● Try it:
Return, exactly as written, the lines of the material from its top through the line with "东望时代最新报告期数据为三季", keeping pictures out.
*** Data provided ***
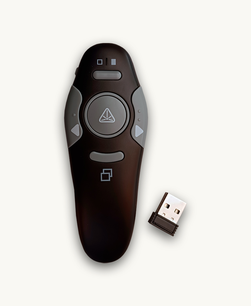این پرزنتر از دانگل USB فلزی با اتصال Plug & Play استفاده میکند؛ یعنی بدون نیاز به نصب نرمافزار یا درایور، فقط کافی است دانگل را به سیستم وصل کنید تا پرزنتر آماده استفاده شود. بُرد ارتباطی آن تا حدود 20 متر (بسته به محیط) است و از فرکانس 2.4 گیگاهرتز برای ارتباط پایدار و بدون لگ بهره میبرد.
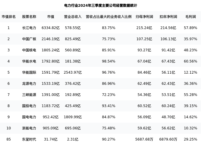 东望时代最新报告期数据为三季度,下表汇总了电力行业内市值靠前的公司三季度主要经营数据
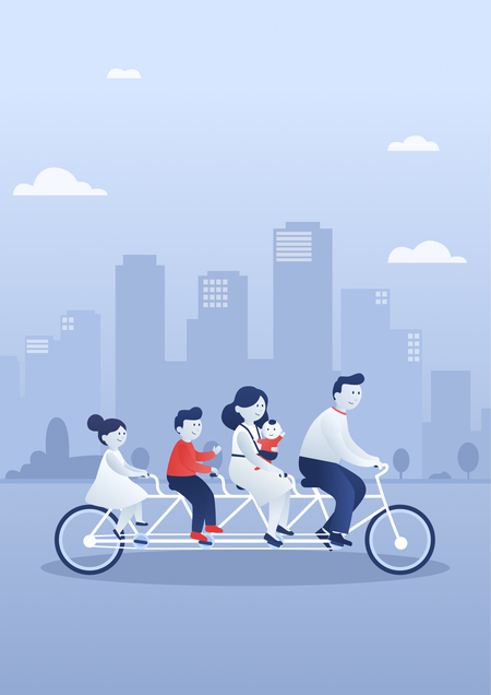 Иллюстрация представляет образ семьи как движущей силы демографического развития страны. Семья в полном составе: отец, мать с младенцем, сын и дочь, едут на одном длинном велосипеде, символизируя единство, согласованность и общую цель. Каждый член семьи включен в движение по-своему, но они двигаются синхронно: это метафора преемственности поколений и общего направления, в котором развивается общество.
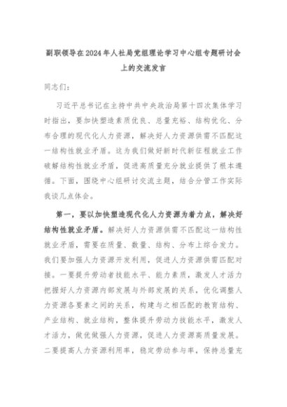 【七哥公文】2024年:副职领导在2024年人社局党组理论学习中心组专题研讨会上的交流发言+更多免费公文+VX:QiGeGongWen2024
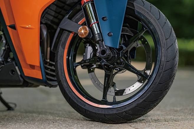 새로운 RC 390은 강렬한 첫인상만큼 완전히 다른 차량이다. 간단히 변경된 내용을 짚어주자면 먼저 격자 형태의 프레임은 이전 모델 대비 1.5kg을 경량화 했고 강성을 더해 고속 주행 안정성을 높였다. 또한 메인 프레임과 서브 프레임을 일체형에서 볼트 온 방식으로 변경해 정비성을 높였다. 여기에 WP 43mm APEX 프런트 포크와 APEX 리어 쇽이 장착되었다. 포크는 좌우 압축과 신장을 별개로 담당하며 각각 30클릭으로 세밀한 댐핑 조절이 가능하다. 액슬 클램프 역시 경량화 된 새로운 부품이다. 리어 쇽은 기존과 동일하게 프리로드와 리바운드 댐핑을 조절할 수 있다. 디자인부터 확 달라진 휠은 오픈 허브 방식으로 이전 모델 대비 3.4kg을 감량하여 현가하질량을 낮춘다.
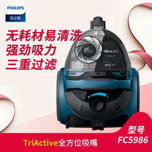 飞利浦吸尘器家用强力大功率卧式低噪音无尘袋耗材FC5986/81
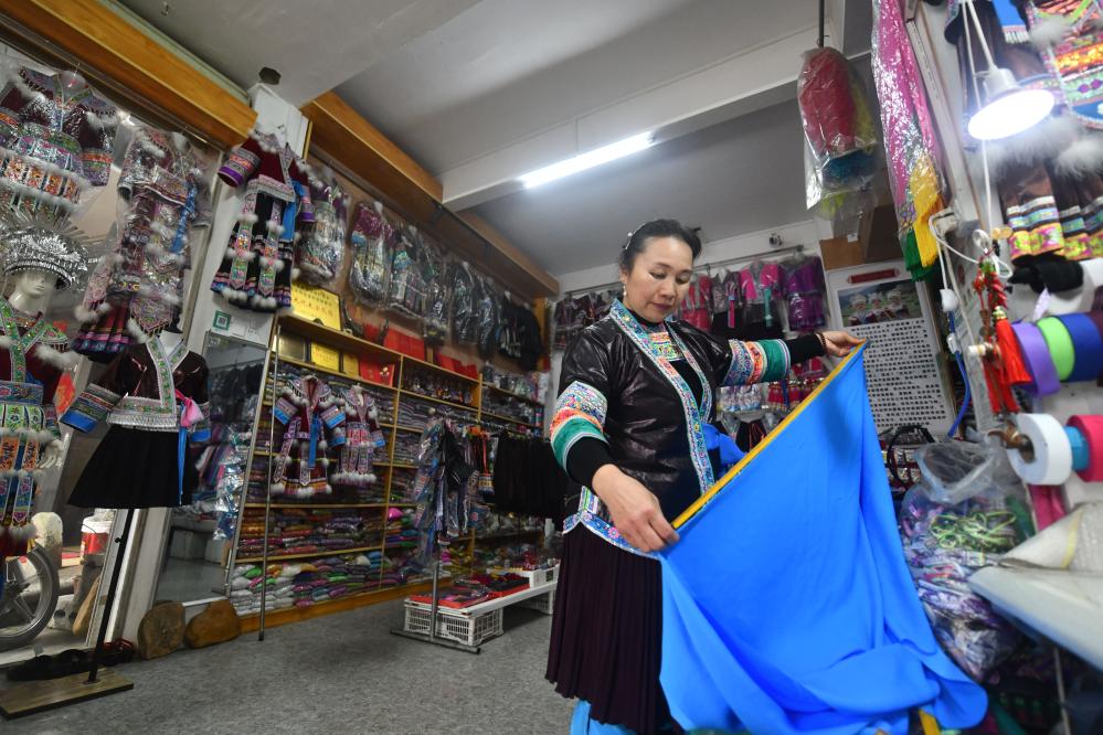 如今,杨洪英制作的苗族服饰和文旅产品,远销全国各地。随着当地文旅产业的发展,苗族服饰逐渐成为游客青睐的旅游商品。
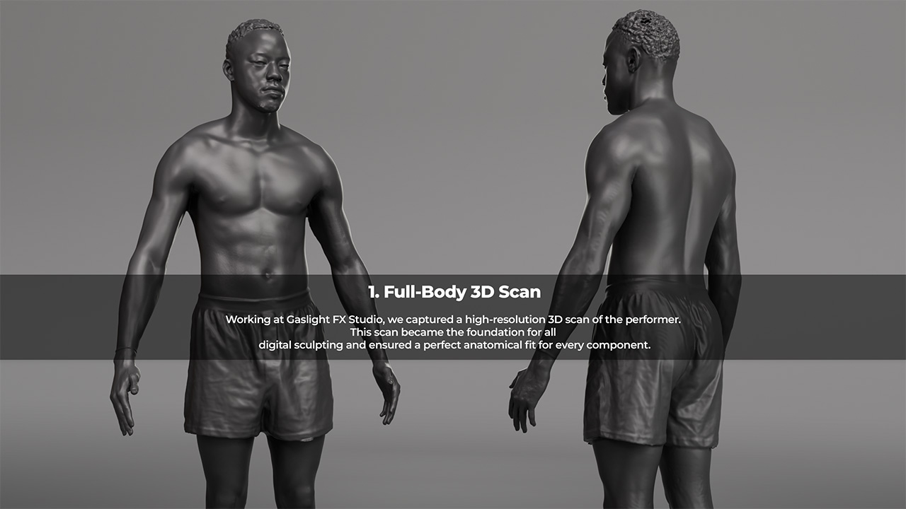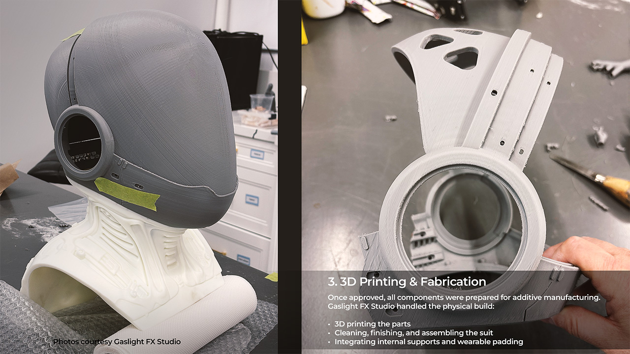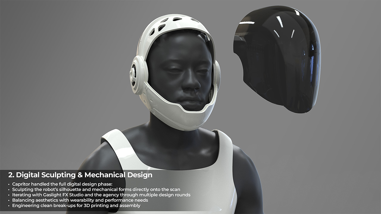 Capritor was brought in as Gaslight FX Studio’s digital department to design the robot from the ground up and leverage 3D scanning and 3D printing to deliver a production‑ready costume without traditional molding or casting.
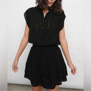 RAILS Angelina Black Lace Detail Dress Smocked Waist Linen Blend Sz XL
*** End of Data provided ***
● Your solution:
این پرزنتر از دانگل USB فلزی با اتصال Plug & Play استفاده میکند؛ یعنی بدون نیاز به نصب نرمافزار یا درایور، فقط کافی است دانگل را به سیستم وصل کنید تا پرزنتر آماده استفاده شود. بُرد ارتباطی آن تا حدود 20 متر (بسته به محیط) است و از فرکانس 2.4 گیگاهرتز برای ارتباط پایدار و بدون لگ بهره میبرد.
 东望时代最新报告期数据为三季度,下表汇总了电力行业内市值靠前的公司三季度主要经营数据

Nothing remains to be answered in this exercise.